Optimization Methods

Applied various optimization techniques to basic merge sort and matrix multiplication programs to give speed up whilst still maintaining correctness.

Getting started

gprof

What it does

gprof is a GNU profiler. It produces an execution profile of C, Pascal, or Fortran77 programs. The effect of called routines is incorporated in the profile of each caller. The profile data is taken from the call graph profile file.

Introduction to profiling

Profiling allows you to learn where your program spent its time and which functions called which other functions while it was executing.

This information can show you which pieces of your program are slower than you expected, and might be candidates for rewriting to make your program execute faster. It can also tell you which functions are being called more or less often than you expected. This may help you spot bugs that had otherwise been unnoticed.

How it works

Gprof calculates the amount of time spent in each routine. Next, these times are propagated along the edges of the call graph. Cycles are discovered, and calls into a cycle are made to share the time of the cycle.

Several forms of output are available from the analysis.

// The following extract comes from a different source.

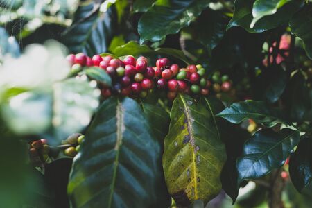 Coffee beans ripening on tree in North of thailand

The flat profile shows how much time your program spent in each function, and how many times that function was called. If you simply want to know which functions burn most of the cycles, it is stated concisely here :P

The call graph shows, for each function, which functions called it, which other functions it called, and how many times. There is also an estimate of how much time was spent in the subroutines of each function. This can suggest places where you might try to eliminate function calls that use a lot of time.

The annotated source listing is a copy of the program’s source code, labeled with the number of times each line of the program was executed.

pg flag

From the man-page of gcc

"Generates extra code to write profile information suitable for the analysis program gprof. You must use this option when compiling the source files you want data about, and you must also use it when linking."

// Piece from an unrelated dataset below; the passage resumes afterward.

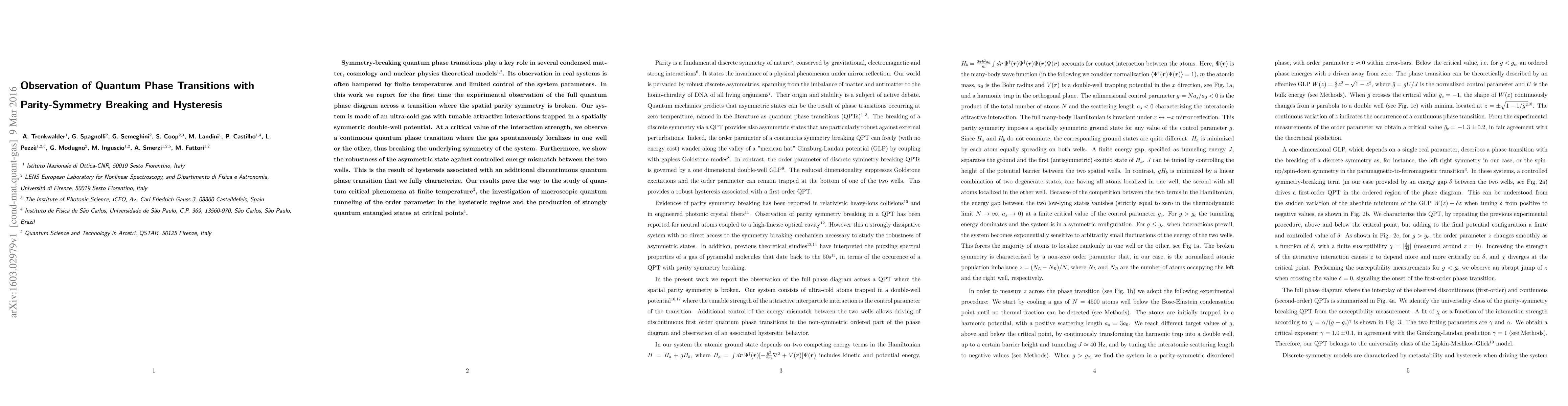 This paper reports the first experimental observation of a symmetry-breaking quantum phase transition in an ultra-cold gas system, demonstrating the transition's robustness through hysteresis and characterizing the associated discontinuous quantum phase transition. The findings open new avenues for studying quantum critical phenomena and quantum entanglement.

TLDR :P : Enable profiling during compilation

Download and install

Run the command

apt-get install binutils

Usage

gprof options [executable-file [profile-data-files…]] [> outfile]

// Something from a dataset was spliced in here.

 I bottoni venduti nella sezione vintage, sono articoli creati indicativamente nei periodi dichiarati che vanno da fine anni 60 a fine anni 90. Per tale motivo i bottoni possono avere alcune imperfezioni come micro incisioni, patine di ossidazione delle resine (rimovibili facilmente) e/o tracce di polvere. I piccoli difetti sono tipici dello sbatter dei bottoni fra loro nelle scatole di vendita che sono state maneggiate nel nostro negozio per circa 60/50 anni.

Example: Suppose your code is in TestGprof.c

gcc -pg -o TestGprof TestGprof.c
./TestGprof
gprof -b TestGprof gmon.out > analysis.out

This will give an human readable file. This file contains two tables:

flat profile: overview of the timing information of the functions
call graph: focuses on each function

-b option will suppress lot of verbose information which would be otherwise included in analysis file.

Running gprof on our programs

Flat profile for Matrix Multiplication

Call graph for Matrix Multiplication

Flat profile for Merge Sort

Call graph for Merge Sort

perf

What it does

gprof produces an execution profile of C, Pascal, or Fortran77 programs. The effect of called routines is incorporated in the profile of each caller. The profile data is taken from the call graph profile file.

How it works

Performance counters are CPU hardware registers that count hardware events such as instructions executed, cache-misses suffered, or branches mispredicted. perf provides rich generalized abstractions over hardware specific capabilities. Among others, it provides per task, per CPU and per-workload counters, sampling on top of these and source code event annotation.

Tracepoints are instrumentation points placed at logical locations in code, such as for system calls, TCP/IP events, file system operations, etc. perf dynamically creates tracepoints using the kprobes and uprobes frameworks, for kernel, userspace dynamic tracing. perf can also collect information including timestamps and stack traces

Usage

perf stat [<options>][<command>] [ARGS]

Running perf on our executables

perf for Matrix Multiplication

perf for Merge Sort

Cachegrind: a cache and branch-prediction profiler

What it does

Cachegrind is a tool for doing cache simulations and annotating your source line-by-line with the number of cache misses. In particular, it records:

L1 instruction cache reads and misses;
L1 data cache reads and read misses, writes and write misses;
L2 unified cache reads and read misses, writes and writes misses.

One instruction cache read is performed per instruction executed, you can find out how many instructions are executed per line, which can be useful for traditional profiling and test coverage.

Usage

valgrind --tool = cachegrind ./mm

Running cachegrind on our codes

Cachegrind for Matrix Multiplication

Cachegrind for Merge Sort

clock_gettime()

Usage

# include<time.h>
int clock_gettime(clockid_t clk_id, struct timespec *tp);

What it does

The functions clock_gettime() retrieves the time of the specified clock clk_id.

How it works

The function fills in a structure containing two fields: a seconds and nanoseconds count of the time since the Epoch (00:00 1 January, 1970 UTC).
We must include the time.h header file to use this function.
The structure (pun unintended) of struct timespec is as follows:

struct timespec {
        time_t   tv_sec;        /* seconds */
        long     tv_nsec;       /* nanoseconds */
};

The second parameter clk_id is the identifier of the particular clock on which to act. A clock may be system-wide and hence visible for all processes, or per-process if it measures time only within a single process.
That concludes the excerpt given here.